President Donald Trump properly eliminated a tariff exemption for bifacial solar panels since a majority of the representatives of the domestic industry, by volume, filed a petition to remove the exemption, the Department of Justice said in a June 11 brief in the Court of International Trade. Responding to arguments from the Solar Energy Industries Association, the Justice Department contested the trade group's assertion that the withdrawal of the exemption was merely based on a "head count" (Solar Energy Industries Association et al. v. United States, CIT #20-03941).
The Commerce Department will reconsider its decision to reallocate the cost of production for antidumping administrative review respondent Nexteel Co.'s non-prime products to account for their losses when calculating constructed value, the Court of International Trade said in a June 7 ruling made public on June 15. Issuing her second remand in the case brought from steel producers Husteel Co. and Nexteel over the 2016-17 AD administrative review of welded line pipe from Korea, Judge Claire Kelly sustained all other determinations made by Commerce.

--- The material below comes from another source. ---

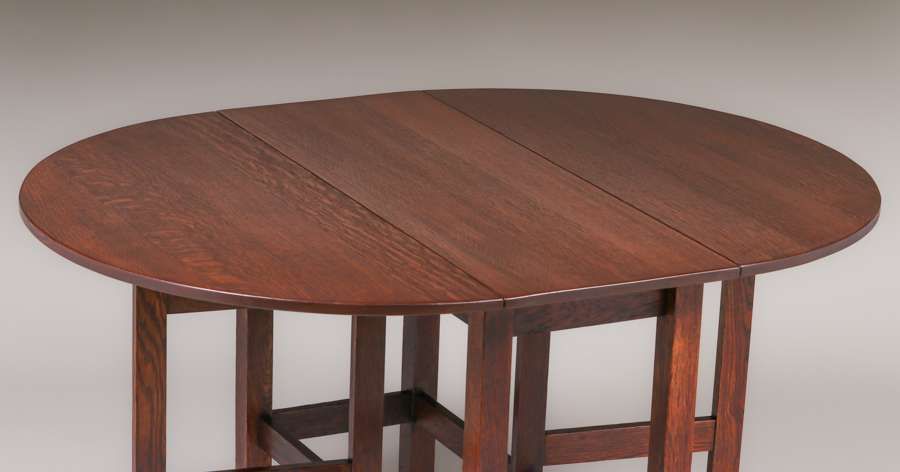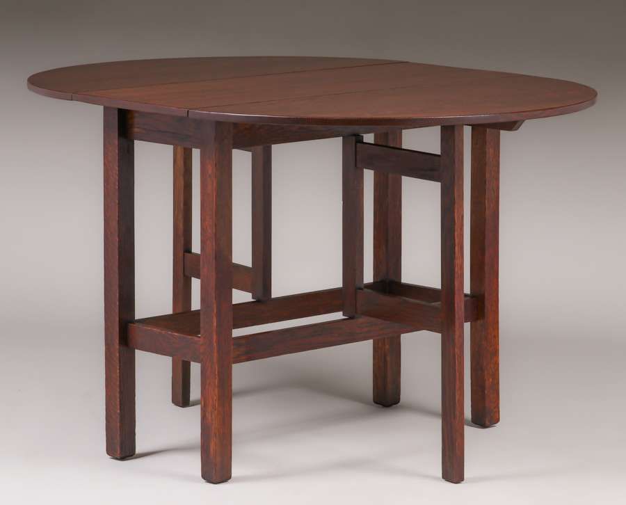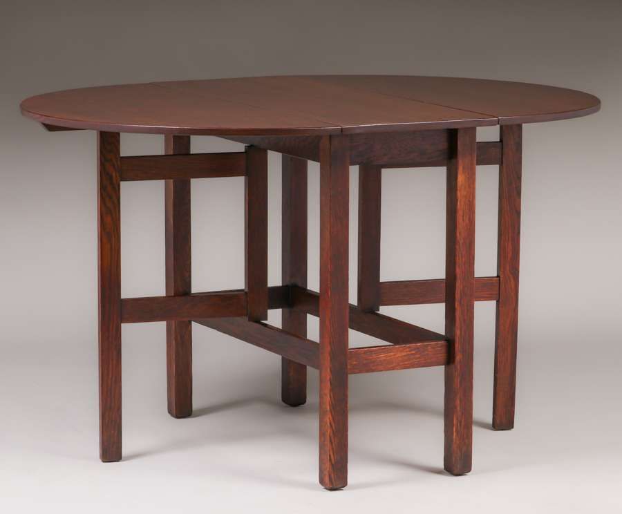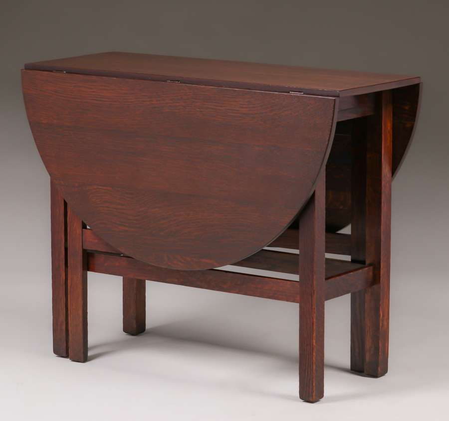 Grand Rapids Dropleaf Table c1910. Unsigned. Top refinished perfectly to match original finish base. Very sturdy. 38”w x 15"d x 30" (38" x 50" when open) $2200

A challenge to Section 232 tariffs on steel “derivatives” brought by Tempo Global Resources will have to wait until after a key appeal in the U.S. Court of Appeals for the Federal Circuit, the Court of International Trade said in a June 14 stay order. In a related case, PrimeSource Building Products Inc. v. United States, CIT found the tariff expansion onto steel and aluminum derivatives to be in violation of congressionally mandated time limits. On June 4, the Justice Department alerted the court of its intention to appeal to the Federal Circuit (see 2106110040) (Tempo Global Resources LLC v. United States, CIT #20-00066).

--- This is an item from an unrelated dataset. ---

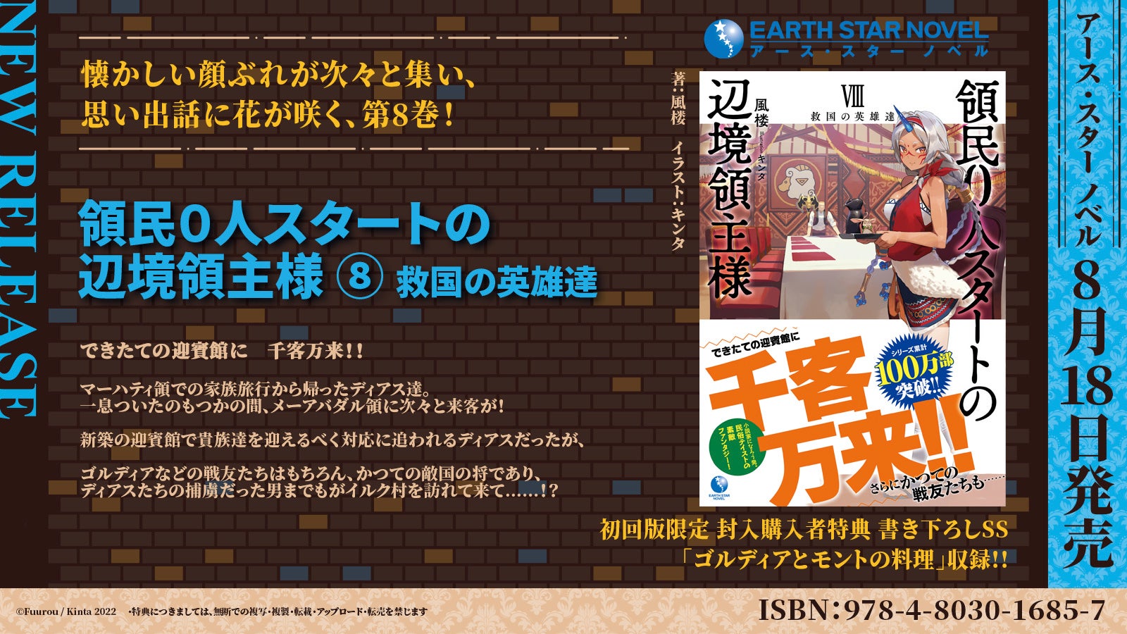 株式会社アース・スター エンターテイメント(東京都・品川区)が刊行する【アース・スターノベル】と【アース・スター コミックス】の人気作品『領民0人スタートの辺境領主様』が、このたびシリーズ累計100万部を突破いたしました。こちらを記念して、プレゼント企画満載のお祝い特設サイトを、原作ノベル最新第8巻発売日である本日8月18日(木)より公開いたしました。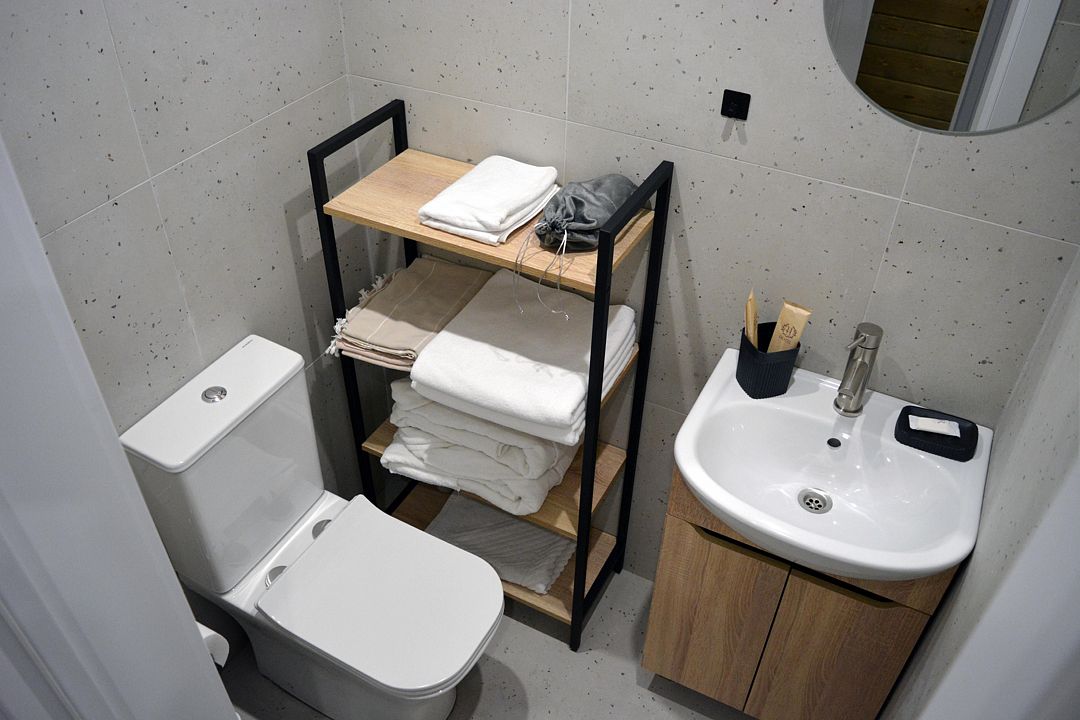 Для детей предусмотрен детский уголок, оборудованный столом, стульчиками и игрушками. Кроме того, есть санузел и душевая кабина.

The Court of International Trade is set to hold oral arguments over a key relief question in the massive Section 301 litigation on June 17. Chief Judge Mark Barnett sent out four questions to the parties in a June 14 letter concerning the following: (1) how uncertainty over the court's authority to provide relief establishes that the plaintiffs are likely to suffer irreparable harm without this relief, (2) cases in which the U.S. Court of Appeals for the Federal Circuit found that CIT did not determine appropriate relief, (3) how the first question is articulated by the Supreme Court decision Winter v. Natural Resources Defense Council and (4) the court's authority to enter a money judgment instead of reliquidation in the event the plaintiff's preliminary injunction prevails. The oral arguments will be held over the motion for a preliminary injunction filed by the plaintiffs to freeze the liquidation of unliquidated entries from China with lists 3 and 4A tariff exposure (see 2106070017).
A far-reaching legal challenge to Section 232 steel and aluminum tariffs brought by ME Global was stayed by the Court of International Trade pending an appeal of a related case in the U.S. Court of Appeals for the Federal Circuit, according to a June 14 stay order (ME Global, Inc. v. United States, CIT #20-00130) The Federal Circuit case, Universal Steel Products, Inc. v. United States, carries arguments similar to those in ME Global's case in that both claim that procedural requirements were ignored in President Donald Trump's expansion of the tariffs (see 2105250077).
The Court of International Trade should stay liquidation of PrimeSource Building Products' imports of steel "derivatives" and reinstate the requirement of PrimeSource to monitor future derivative imports and maintain a sufficient continuous bond, pending an appeal of the steel derivative decision, the Department of Justice said in a June 9 filing.